Practical Guidance for Fintechs Using AI
For a fintech using AI in credit scoring, the immediate priorities are: document every model in production (name, purpose, training data vintage, last validation date, accountable owner), run a bias test on credit score outputs by protected characteristic and document the results, establish a monitoring dashboard that tracks model accuracy and adverse decision rates at least weekly, and ensure that every adverse credit decision can produce a plain-language explanation that could be shared with a customer or the FCA on request.
For a fintech using AI in fraud detection, the priorities are slightly different: the explainability requirement is less acute (customers do not have a right to know the reasons for a fraud block in the same way as a credit decline), but the operational resilience requirements are higher because fraud detection failures have immediate and severe consequences. Firms should ensure that AI-based fraud models have human review escalation paths, that false positive rates are monitored and reported to the board, and that there is a contingency arrangement if the model is unavailable.
For a fintech using AI in customer service (chatbots, virtual assistants, automated complaint handling), the Consumer Duty implications are most direct. AI-generated responses must be accurate, clear, and must not mislead customers. Systems must be able to identify when a customer needs escalation to a human and must facilitate that escalation without friction. Complaint handling AI must not be used to reduce the rate of upheld complaints in a way that disadvantages customers with legitimate grievances.
Key Takeaways
- The FCA has not created new AI rules: it applies existing principles to AI-enabled activities. Firms using AI in regulated activities are already subject to the full weight of FCA expectations.
- The four AI risks the FCA focuses on are model risk and bias, explainability, data quality, and operational resilience. Each requires a proportionate governance response.
- Consumer Duty applies directly to AI-driven customer decisions. The requirement to deliver good outcomes and protect vulnerable customers cannot be delegated to an algorithm.
- The minimum governance requirement is: model inventory, bias testing, production monitoring, and board-level accountability. This is achievable for early-stage fintechs without large dedicated teams.

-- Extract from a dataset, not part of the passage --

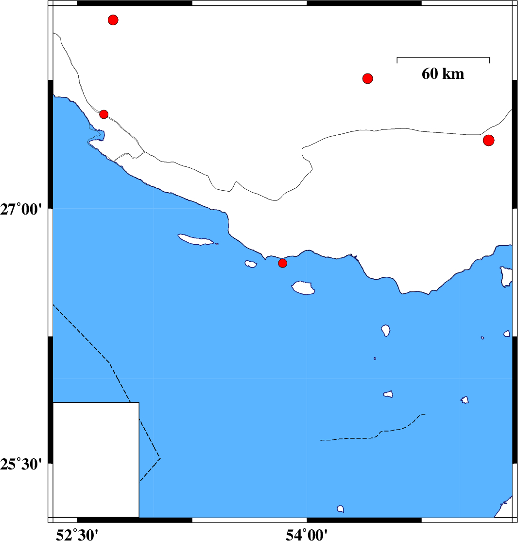 | 2018/06/02 | 19:37:34.6 | 00:07:34.6 | 26.68 | 53.841 | 14 | ML:2.5 | Persian Gulf, 77 km South-West of Bastak | ||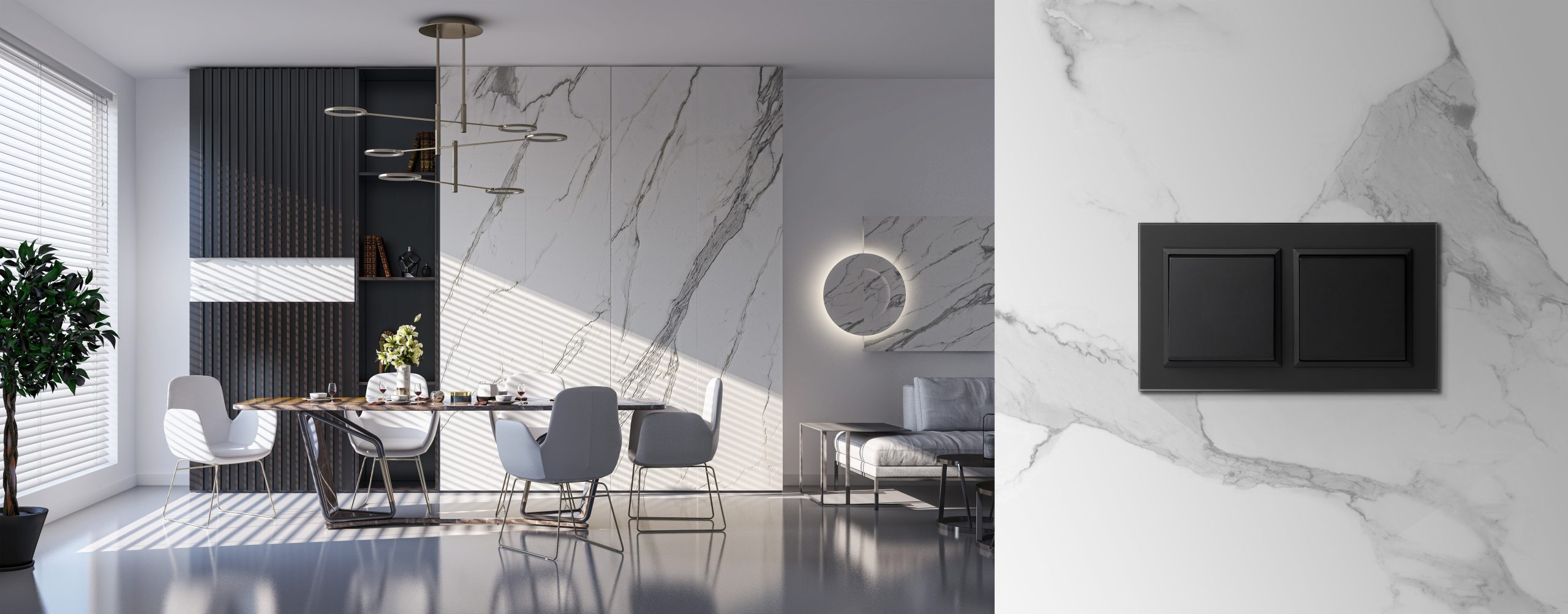 W stylach eleganckich czerń zestawiona z marmurem, złotem czy mosiądzem dodaje wnętrzu luksusu i głębi. W modern classic czarne gniazdka stają się nowoczesnym akcentem przełamującym klasyczną symetrię.

- The EU AI Act classifies credit scoring as high-risk AI. UK fintechs with EU operations must plan for dual compliance with FCA principles and EU AI Act requirements from 2026.
- Explainability in adverse credit decisions is non-negotiable under Consumer Duty. Black-box models that cannot produce plain-language explanations are incompatible with the regulatory framework.
- AI governance should be integrated into the existing risk management and compliance framework, not treated as a separate technology project.